» **What you have to do**:
Look below for the line with "They spent their" and the line with "--Kissenhülle Kitz beige-- Diese"; repeat exactly those two lines and all lines between them, but no pictures.

» **Exercise data**:

────────────────────────────────────────

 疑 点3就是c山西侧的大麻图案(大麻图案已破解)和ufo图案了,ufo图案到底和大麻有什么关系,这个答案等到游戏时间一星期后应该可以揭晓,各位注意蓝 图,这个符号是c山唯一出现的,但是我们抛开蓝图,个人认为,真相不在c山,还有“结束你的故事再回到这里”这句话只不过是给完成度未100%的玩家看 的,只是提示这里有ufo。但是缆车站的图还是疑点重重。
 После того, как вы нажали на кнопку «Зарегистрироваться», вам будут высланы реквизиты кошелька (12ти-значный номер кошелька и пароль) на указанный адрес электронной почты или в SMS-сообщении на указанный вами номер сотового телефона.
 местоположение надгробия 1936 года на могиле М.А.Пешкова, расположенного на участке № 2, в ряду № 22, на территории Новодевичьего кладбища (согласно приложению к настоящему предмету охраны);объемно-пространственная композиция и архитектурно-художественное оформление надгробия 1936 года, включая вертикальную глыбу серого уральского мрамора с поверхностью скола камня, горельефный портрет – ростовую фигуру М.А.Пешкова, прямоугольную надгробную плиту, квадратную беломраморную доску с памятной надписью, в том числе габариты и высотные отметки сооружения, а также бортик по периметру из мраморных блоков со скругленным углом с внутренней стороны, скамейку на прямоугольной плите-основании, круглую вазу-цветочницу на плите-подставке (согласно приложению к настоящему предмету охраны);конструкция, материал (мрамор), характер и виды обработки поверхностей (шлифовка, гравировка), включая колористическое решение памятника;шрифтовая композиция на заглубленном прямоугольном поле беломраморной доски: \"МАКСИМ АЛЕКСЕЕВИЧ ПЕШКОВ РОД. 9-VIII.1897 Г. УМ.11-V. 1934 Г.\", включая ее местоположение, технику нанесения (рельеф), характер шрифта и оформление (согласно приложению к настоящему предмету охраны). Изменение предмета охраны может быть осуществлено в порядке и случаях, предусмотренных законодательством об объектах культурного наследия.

────────────────────────────────────────

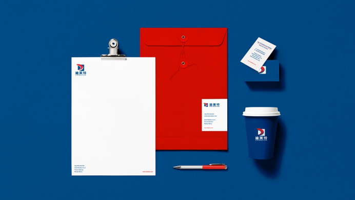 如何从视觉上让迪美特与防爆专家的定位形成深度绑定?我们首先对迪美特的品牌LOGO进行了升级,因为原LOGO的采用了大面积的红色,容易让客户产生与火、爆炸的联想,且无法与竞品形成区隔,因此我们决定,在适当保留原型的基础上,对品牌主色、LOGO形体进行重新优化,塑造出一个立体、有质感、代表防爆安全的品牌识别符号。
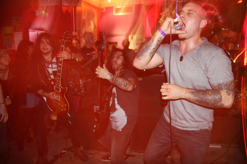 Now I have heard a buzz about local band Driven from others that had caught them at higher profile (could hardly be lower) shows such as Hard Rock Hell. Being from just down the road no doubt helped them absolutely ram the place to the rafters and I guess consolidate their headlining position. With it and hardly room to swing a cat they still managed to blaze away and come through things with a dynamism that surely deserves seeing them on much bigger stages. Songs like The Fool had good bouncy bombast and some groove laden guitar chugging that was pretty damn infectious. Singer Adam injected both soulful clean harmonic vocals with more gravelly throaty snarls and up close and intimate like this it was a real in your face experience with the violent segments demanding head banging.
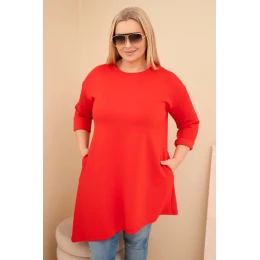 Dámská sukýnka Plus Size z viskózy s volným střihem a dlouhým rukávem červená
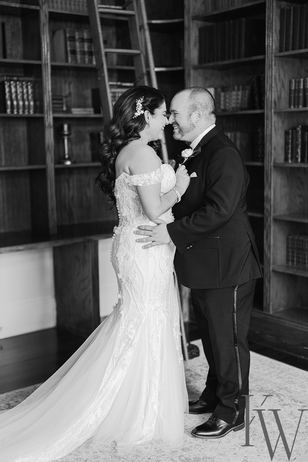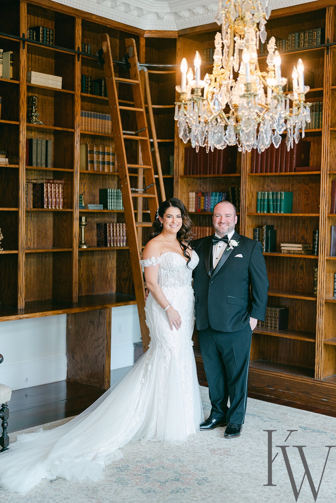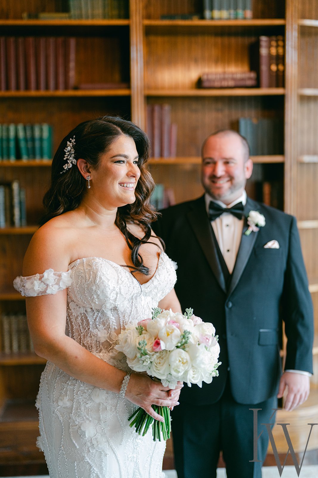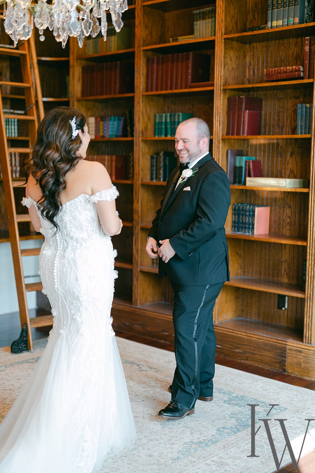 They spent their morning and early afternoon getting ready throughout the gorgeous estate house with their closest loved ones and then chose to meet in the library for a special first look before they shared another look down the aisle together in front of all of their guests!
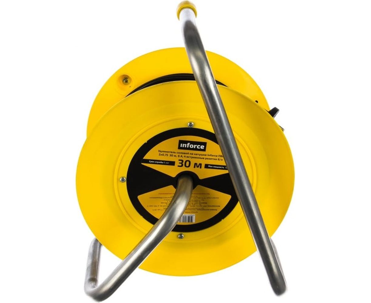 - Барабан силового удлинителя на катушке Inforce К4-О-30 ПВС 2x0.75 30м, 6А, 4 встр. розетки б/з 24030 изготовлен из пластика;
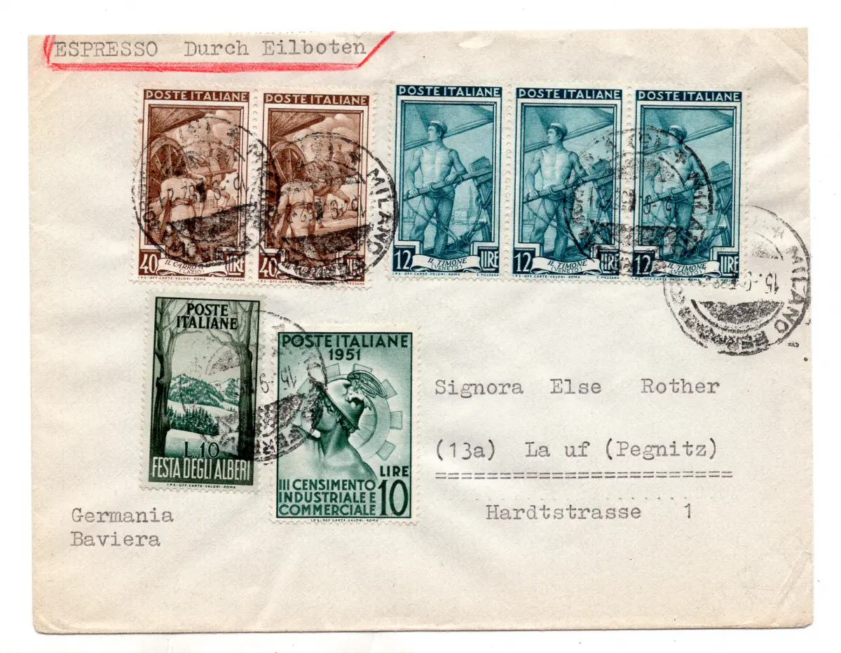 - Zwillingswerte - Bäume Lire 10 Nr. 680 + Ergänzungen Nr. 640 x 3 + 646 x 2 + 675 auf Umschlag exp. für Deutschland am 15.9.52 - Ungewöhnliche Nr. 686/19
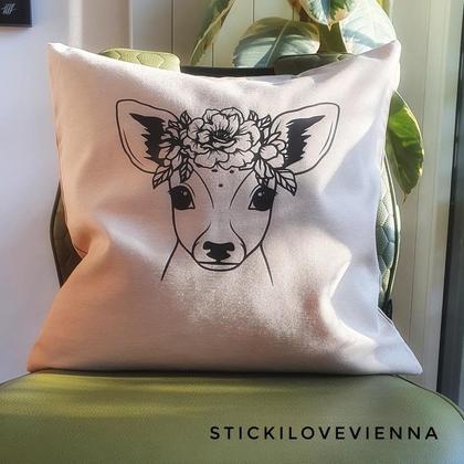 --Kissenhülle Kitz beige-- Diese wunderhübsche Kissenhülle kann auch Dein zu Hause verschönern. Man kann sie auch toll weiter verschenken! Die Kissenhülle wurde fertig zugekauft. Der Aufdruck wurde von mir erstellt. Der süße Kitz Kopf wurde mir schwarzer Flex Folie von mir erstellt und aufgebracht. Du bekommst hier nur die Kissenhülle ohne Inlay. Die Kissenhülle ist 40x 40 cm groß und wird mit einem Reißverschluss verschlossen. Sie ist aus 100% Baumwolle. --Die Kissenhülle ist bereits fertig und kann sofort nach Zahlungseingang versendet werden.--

────────────────────────────────────────

» **Written reply**:
 They spent their morning and early afternoon getting ready throughout the gorgeous estate house with their closest loved ones and then chose to meet in the library for a special first look before they shared another look down the aisle together in front of all of their guests!
 - Барабан силового удлинителя на катушке Inforce К4-О-30 ПВС 2x0.75 30м, 6А, 4 встр. розетки б/з 24030 изготовлен из пластика;
 - Zwillingswerte - Bäume Lire 10 Nr. 680 + Ergänzungen Nr. 640 x 3 + 646 x 2 + 675 auf Umschlag exp. für Deutschland am 15.9.52 - Ungewöhnliche Nr. 686/19
 --Kissenhülle Kitz beige-- Diese wunderhübsche Kissenhülle kann auch Dein zu Hause verschönern. Man kann sie auch toll weiter verschenken! Die Kissenhülle wurde fertig zugekauft. Der Aufdruck wurde von mir erstellt. Der süße Kitz Kopf wurde mir schwarzer Flex Folie von mir erstellt und aufgebracht. Du bekommst hier nur die Kissenhülle ohne Inlay. Die Kissenhülle ist 40x 40 cm groß und wird mit einem Reißverschluss verschlossen. Sie ist aus 100% Baumwolle. --Die Kissenhülle ist bereits fertig und kann sofort nach Zahlungseingang versendet werden.--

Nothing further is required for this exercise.